Em relação ao Windows, embora existam maneiras de fazer o NUT funcionar, em muitos casos é mais prático usar soluções específicas do fabricante, como o APC PowerChute, para ambientes exclusivamente Windows, desde que o produto ainda tenha suporte ativo.
Notificações avançadas e integração com sistemas de monitoramento
Um dos aspectos mais poderosos (e menos explorados) do NUT é a personalização de notificações . O script upssched-cmd não precisa se limitar ao envio de e-mails; ele também pode ser integrado a APIs externas para enviar mensagens SMS usando serviços como o Twilio, ou notificações push com o Pushover ou o Pushbullet.
Além disso, o NUT integra-se perfeitamente com plataformas de monitoramento como Nagios, Icinga, Zabbix e Prometheus por meio de plugins ou scripts personalizados. Isso permite que você receba alertas de bateria fraca, quedas de energia ou falhas de comunicação por meio de seus canais habituais: Slack, Telegram, painéis de controle e muito mais.
A chave é aproveitar as chamadas do upssched-cmd para executar os scripts apropriados ou fazer solicitações HTTP aos endpoints do seu serviço de alertas. Dessa forma, qualquer evento crítico do UPS ficará visível no mesmo ecossistema onde você já monitora o status do restante da sua infraestrutura.
Boas práticas de segurança ao expor NUTs em uma rede
Como qualquer serviço acessível pela rede, o daemon NUT deve ser configurado com a segurança em mente desde o início . Não podemos esquecer que ele pode, em última instância, desligar máquinas críticas, portanto, é melhor proceder com cautela.
A primeira camada de proteção consiste em usar nomes de usuário e senhas fortes no arquivo upsd.users, evitando senhas triviais ou compartilhadas com outros serviços. Também é recomendável restringir as permissões de cada usuário ao estritamente necessário: nem todos precisam executar comandos administrativos.
No arquivo upsd.conf, é uma boa prática limitar os endereços que podem se conectar ao daemon usando diretivas como LISTEN, apontando apenas para IPs específicos ou tornando o serviço acessível somente a partir da rede de gerenciamento.

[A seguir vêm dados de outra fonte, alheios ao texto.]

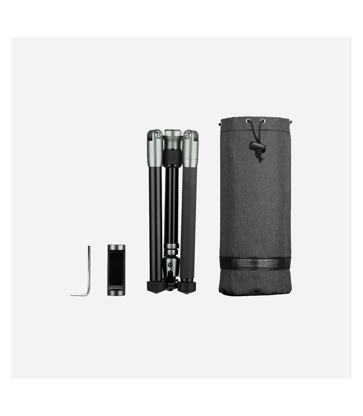 این سهپایه علاوه بر ظاهر زیبا و کیفیت بالای خود، امکانات و ویژگیهای بسیاری را در اختیار شما قرار میدهد. با استفاده از این محصول میتوانید به عکاسی با دوربینهای دیجیتال سبکوزن و همچنین گوشیهای هوشمند بپردازید. به همراه این سهپایه یک بالهد و همچنین نگهدارنده مخصوص گوشی موبایل نیز عرضه میشود که با استفاده از آن میتوانید به آسانی گوشی هوشمند خود را به وسیله متصل کرده و به عکاسی و فیلمبرداری بپردازید. همچنین قادر خواهید بود تا به جدا کردن یکی از پایههای این وسیله، از آن به عنوان مونوپاد استفاده کنید. همراه علاوه بر بالهد و نگهدارنده موبایل، درون جعبه این محصول یک کیف حمل نیز قرار دارد.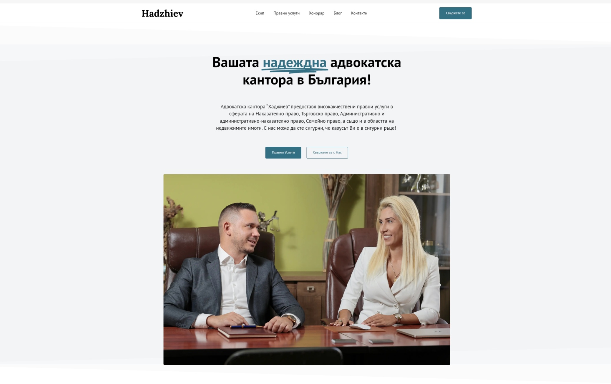 Създадохме модерен и интерактивен уебсайт за адвокатска кантора “Хаджиев”. Адв. Кристиан Хаджиев и кантората му са адокати с авторитет и голяма популярност сред социалните мрежи, с десетки хиляди последователи.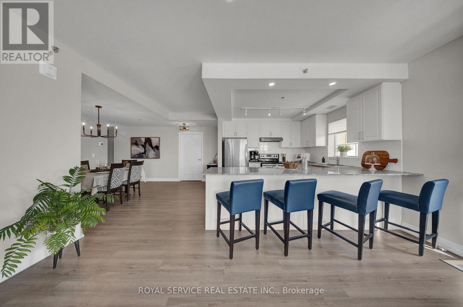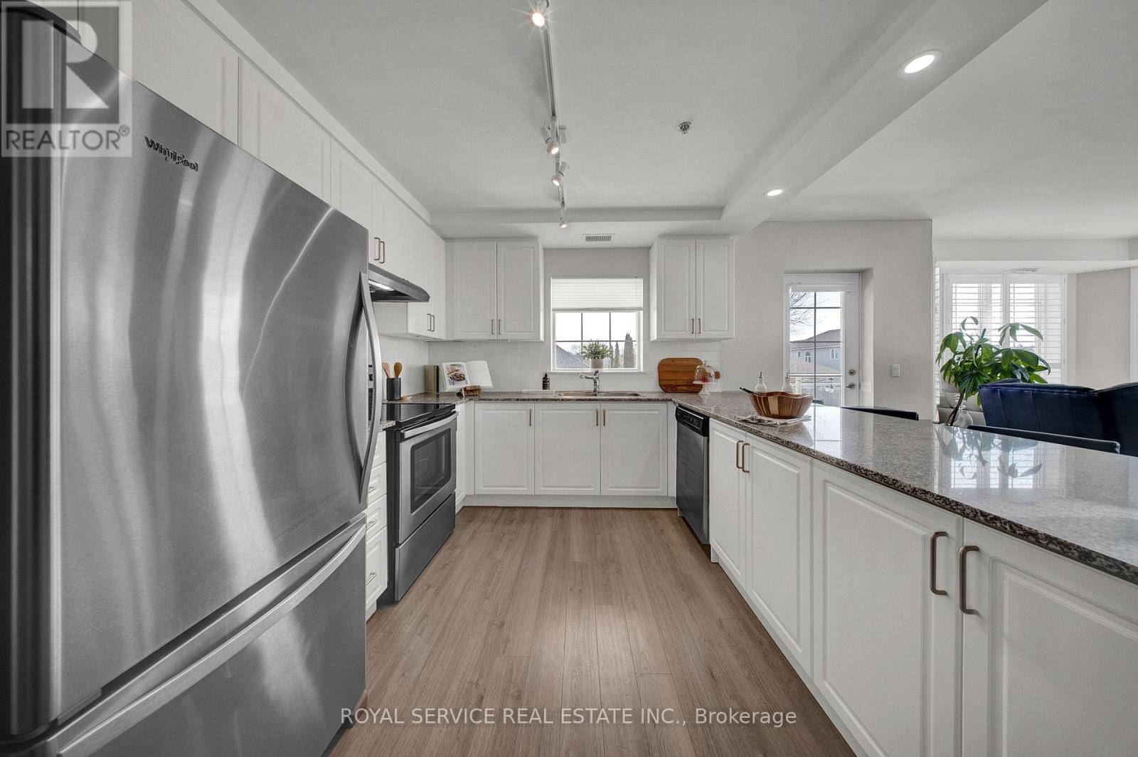 This is not your typical condo. 1,400 sq ft, this rare corner suite delivers space, layout & natural light Buyers are searching for but rarely find. South & East exposure & windows wrapping around the living space, sunlight pours in throughout the day, highlighting the expansive, open concept design. It feels more like a bungalow than a condo. The principal rooms are generously sized, allowing for full scale furniture including a large dining table with buffet, a true living room setup & even a dedicated work from home area without compromise. The curved living room with oversized windows creates a bright, inviting focal point you simply do not get in standard layouts.The kitchen is built for real life, not just looks. Granite countertops, stainless steel appliances & a functional breakfast bar, there is plenty of room for multiple people to cook & gather comfortably. It connects seamlessly to both dining and living areas, making it ideal for entertaining or everyday ease. Both bedrooms are oversized & thoughtfully separated, each with access to their own bathroom. The primary suite features a walk in closet & a 3 piece ensuite with glass shower. The 2nd bedroom offers semi ensuite access, perfect for guests/family. In suite laundry includes a laundry tub & additional storage.Two balconies extend your living space outdoors, a larger east facing balcony off the main living area & a 2nd south facing balcony off the bedroom. A private foyer with double closet abundant in-suite storage, plus a separate locker - you have a level of space that is hard to match. Located in a secure, well managed building with controlled entry, visitor parking, a party room & dog wash station. Includes 1 owned underground parking space conveniently located near the elevator.Opportunities like this do not come up often. If you have been waiting for a condo that offers space, functionality & natural light without giving up the ease of condo living, this is the one worth seeing. (id:64974)

Combinado com regras de firewall, isso pode reduzir significativamente a superfície de ataque.
Em ambientes críticos para a segurança, considere compilar o NUT com suporte a SSL/TLS e criptografar as conexões entre o servidor mestre e os servidores escravos, especialmente se elas passarem por redes não confiáveis. E, como sempre, revise os logs regularmente para detectar tentativas de acesso não autorizado ou comportamentos incomuns.
Por fim, é recomendável manter o sistema operacional e o NUT atualizados , aplicando patches de segurança e novas versões de software assim que forem lançadas, para reduzir o risco de vulnerabilidades conhecidas.
Ter um nobreak é apenas metade da batalha; a outra metade envolve configurar um sistema de software de desligamento automático bem ajustado que combine ferramentas como o NUT, um Raspberry Pi leve, clientes escravos em computadores diferentes e uma estratégia sólida de notificação e segurança. Ao configurar cuidadosamente os arquivos em /etc/nut/, ajustar o script upssched-cmd e monitorar os logs, você pode ter um sistema robusto que responde rapidamente a quedas de energia, protege seus dados e oferece flexibilidade mesmo quando o fabricante deixa de oferecer suporte oficial para o seu ambiente.